In this paper, we propose a novel approach for forecasting cryptocurrency portfolios, harnessing modified versions of the N-BEATS deep learning architecture, integrated with convolutional network layers, Transformer mechanisms, and the Mish activation function. Our thorough evaluation, featuring an extensive sample size exceeding 4 million portfolio test samples, shows these variations outperforming traditional and other deep learning forecasting methods across various metrics.
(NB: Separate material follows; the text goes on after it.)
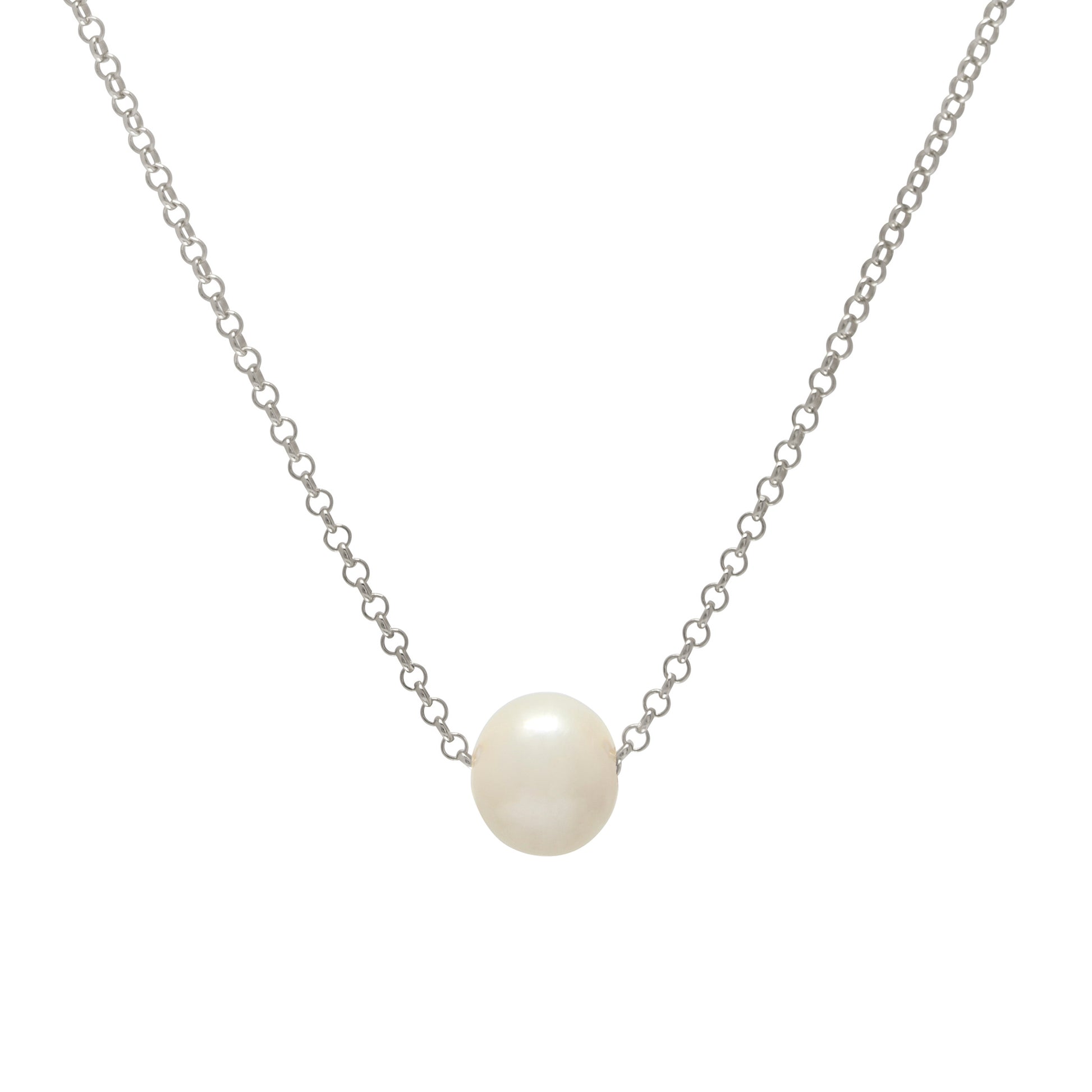 A lustrous, white freshwater pearl floats simply on an elegant chain making this an easy, everyday necklace. With a gorgeous sheen and an iridescent feel, this round, baroque pearl catches the light in every way, and has a luxurious quality.

Particularly noteworthy is our N-BEATS Perceiver model, a Transformer-based variation, which not only delivers superior forecast accuracy but also exhibits a robust risk profile with less downside. Furthermore, the model performs exceptionally well under the TOPSIS method across a broad spectrum of portfolio evaluation parameters, making it a valuable asset for both portfolio selection and risk management in the dynamic cryptocurrency market.

Suggested Citation

  • Attilio Sbrana & Paulo André Lima de Castro, 2024. "N-BEATS Perceiver: A Novel Approach for Robust Cryptocurrency Portfolio Forecasting," Computational Economics, Springer;Society for Computational Economics, vol. 64(2), pages 1047-1081, August.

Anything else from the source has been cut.